Rivas María Luisa, Cobreros Laura, Zeidler Martin P, Hombría James Castelli-Gair
Centro Andaluz de Biología del Desarrollo, CSIC/UPO, Universidad Pablo de Olavide, Carretera de Utrera km 1, 41013 Seville, Spain.
EMBO Rep. 2008 Nov;9(11):1114-20. doi: 10.1038/embor.2008.170. Epub 2008 Sep 19.
In vertebrates, seven signal transducer and activator of transcription (STAT) proteins bind to palindromic sites separated by spacers of two or three nucleotides (STAT1), four nucleotides (STAT6) or three nucleotides (STAT2 to STAT5a/b). This diversity of binding sites provides specificity to counter semiredundancy and was thought to be a recent evolutionary acquisition. Here, we examine the natural DNA-binding sites of the single Drosophila Stat and show that this is not the case. Rather, Drosophila Stat92E is able to bind to and activate target gene expression through both 3n and 4n spaced sites. Our experiments indicate that Stat92E has a higher binding affinity for 3n sites than for 4n sites and suggest that the levels of target gene expression can be modulated by insertion and/or deletion of single bases. Our results indicate that the ancestral STAT protein had the capacity to bind to 3n and 4n sites and that specific STAT binding preferences evolved with the radiation of the vertebrate STAT family.

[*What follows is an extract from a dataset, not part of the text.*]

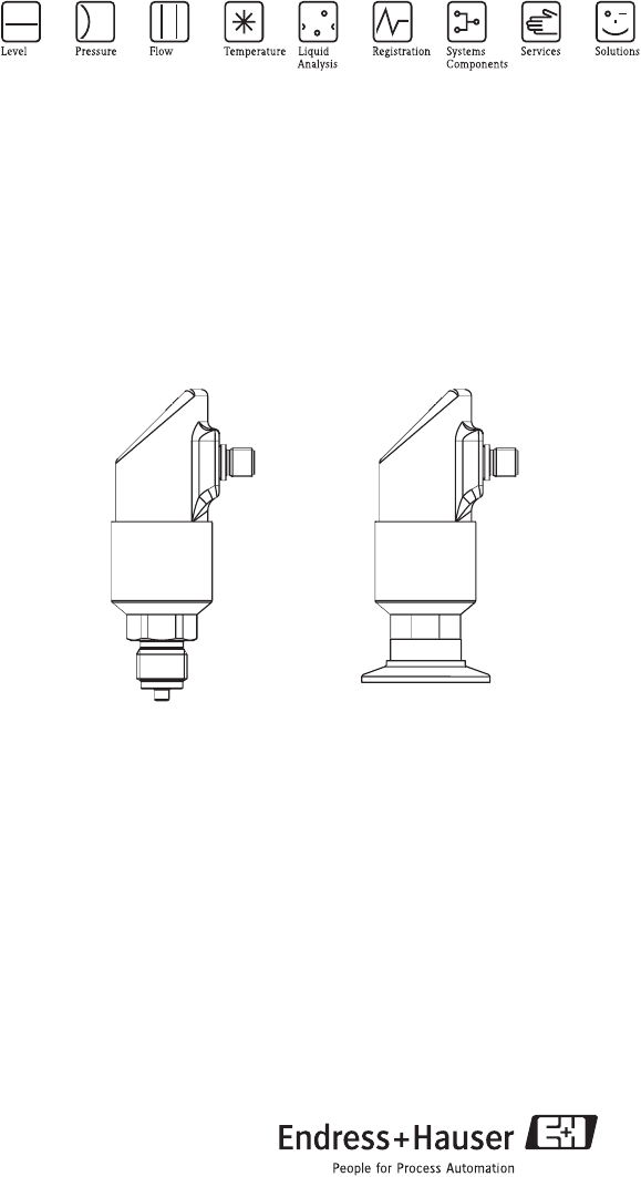 KA225P/00/en/04.04 52023607 Release 1.00.ZZ Operating Instructions Ceraphant T PTC31, PTP31, PTP35 Pressure switches Ceraphant T PTC31, PTP31, PTP35 2 Table of contents 1 Safety instructions. . . . . . . . . . . 3 1. 1 Designated use . . . . . . . . . . . . . . . . . . . . . . 3 1. 2 Installation, commissioning and operation . . 3 1. 3 Operational safety . . . . . . . . . . . . . . . . . . . . 3 1. 4 Return . . . . . . . . . . . . . . . . . . . . . . . . . . . . 3 2 Device identification . . . . . . . . . 4 2. 1 Nameplate . . . . . . . . . . . . . . . . . . . . . . . . . 4 3 Installation . . . . . . . . . . . . . . . . 5 3. 1 Incoming acceptance, storage . . . . . . . . . . . 5 3. 2 Dimensions . . . . . . . . . . . . . . . . . . . . . . . . 5 3. 3 Process connection . . . . . . . . . . . . . . . . . . . 6 3. 4 Installation instructions . . . . . . . . . . . . . . . 7 4 Wiring . . . . . . . . . . . . . . . . . . . . 8 4. 1 DC voltage version with M12 plug . . . . . . . 8 4. 2 DC voltage version with valve plug . . . . . . . 8 4. 3 DC voltage version with cable . . . . . . . . . . 9 5 Operation . . . . . . . . . . . . . . . . 10 5. 1 On-site operation . . . . . . . . . . . . . . . . . . . 10 5. 2 Operation with personal computer and ReadWin 2000 . . . . . . . . . . . . . . . . . . . . . 18 6 Accessories . . . . . . . . . . . . . . . 20 6. 1 Process connection . . . . . . . . . . . . . . . . . . 20 6. 2 Welding bosses . . . . . . . . . . . . . . . . . . . . . 24 6. 3 Electrical connection . . . . . . . . . . . . . . . . 25 6. 4 Operation with ReadWin . . . . . . . . . . . . . 25 7 Trouble-shooting. . . . . . . . . . . 26 7. 1 Errors and warnings . . . . . . . . . . . . . . . . 26 7. 2 Repair . . . . . . . . . . . . . . . . . . . . . . . . . . . 27 7. 3 Disposal . . . . . . . . . . . . . . . . . . . . . . . . . . 27 7. 4 Change status (release) . . . . . . . . . . . . . . . 27 7. 5 Change status - history . . . . . . . . . . . . . . 27 8 Most important technical data .28 8. 1 Power supply . . . . . . . . . . . . . . . . . . . . . . 28 8. 2 Output . . . . . . . . . . . . . . . . . . . . . . . . . . 28 8. 3 Operating conditions . . . . . . . . . . . . . . . . 28 9 Dangerous Goods sheet . . . . . .30 Ceraphant T PTC31, PTP31, PTP35 Safety instructions 3 1 Safety instructions 1. 1 Designated use The Ceraphant T is a pressure switch for measuring and monitoring absolute and gauge pressures. The device has been safely built with state-of-the-art technology and meets the applicable requirements and EC Directives. It can, however, be a source of danger if used incorrectly or for anything other than the designated use. 1. 2 Installation, commissioning and operation Installation, electrical connection, commissioning, operation and maintenance of the measuring system must be carried out by trained, qualified specialists authorised to perform such work by the facility's owner-operator. The specialist must have read and understood these Operating Instructions and must follow the instructions they contain. The device may only be modified and repair work carried out if this is explicitly permitted in the Operating Instructions. Damaged devices which could be a source of danger may not be commissioned and must be labelled and identified as defective. 1. 3 Operational safety • Functional safety The Ceraphant T pressure switches were developed according to the standards IEC 61508 and IEC 61511-1 (FDIS). The device version with PNP switch output and additional analog output is equipped with fault detection and fault prevention facilities within the electronics and software. This device version can therefore be used to monitor limit pressure up to SIL 2 (Safety Integrity Level). • Ex-area The Ceraphant T is not approved for use in Ex-areas. 1. 4 Return The following procedures must be carried out before a device is returned to Endress+Hauser: • Always enclose a fully completed “Declaration of Contamination” form with the device. Only then can Endress+Hauser transport and examine a returned device. A copy of the “Declaration of Contamination” can be found on the second last page of these Operating Instructions. • Remove all fluid residues. This is particularly important if the fluid is hazardous to health, e.g. flammable, toxic, caustic, carcinogenic, etc. # Warning! Do not return a measuring device if you are not absolutely certain that all traces of hazardous substances have been removed, e.g. substances which have penetrated crevices or diffused through plastic. Device identification Ceraphant T PTC31, PTP31, PTP35 4 2 Device identification 2. 1 Nameplate To identify your device, compare the complete order code and the version information on the delivery papers with the data on the nameplate. P01-PTx3xxxx-18-xx-xx-xx-001 Fig. 1: Explanation of the nameplate - see Table below Notes: • The release number indicates the change status of the device. A change in the last two figures does not have any affect on the compatibility - see also section 7. • The MWP (maximum working pressure) is specified on the nameplate. This value refers to a reference temperature of +20 °C and may be applied to the device for an unlimited time. The test pressure (Over Pressure Limit OPL) corresponds to 1.5 times the MWP and may be applied for a limited time only in order to avoid lasting damage. 1 2 3 4 5 9 10 10 10 8 6 7 11 12 13 C e ra p h a n t T M a d e in G e rm a n y D -7 9 6 8 9 M a u lb u rg p: TAG: Mat: Ser.-No.: Rel.: Order Code: MWP: U: I out: 15 L– L+ 2 1 3 4 R1 14 1 Order code 6 Degree of protection 11 Electronics 2 Serial number 7 Degree of protection 12 Current output 3 TAG number 8 Sensor range 13 Supply voltage 4 TAG number 9 Max. operating pressure 14 Connection diagram 5 Release number (change status) 10 Wetted materials 15 Approvals Ceraphant T PTC31, PTP31, PTP35 Installation 5 3 Installation 3. 1 Incoming acceptance, storage • Incoming acceptance: Check the packaging and the device for da

在脊椎动物中,七种信号转导及转录激活因子(STAT)蛋白可结合到由两或三个核苷酸间隔(STAT1)、四个核苷酸间隔(STAT6)或三个核苷酸间隔(STAT2至STAT5a/b)隔开的回文位点。这种结合位点的多样性为应对半冗余提供了特异性,并且曾被认为是近期的进化获得。在此,我们研究了果蝇中单个Stat的天然DNA结合位点,结果表明并非如此。相反,果蝇Stat92E能够通过3n和4n间隔的位点结合并激活靶基因表达。我们的实验表明,Stat92E对3n位点的结合亲和力高于对4n位点的结合亲和力,并表明靶基因表达水平可通过单个碱基的插入和/或缺失来调节。我们的结果表明,祖先STAT蛋白具有结合3n和4n位点的能力,并且特定的STAT结合偏好随着脊椎动物STAT家族的辐射而进化。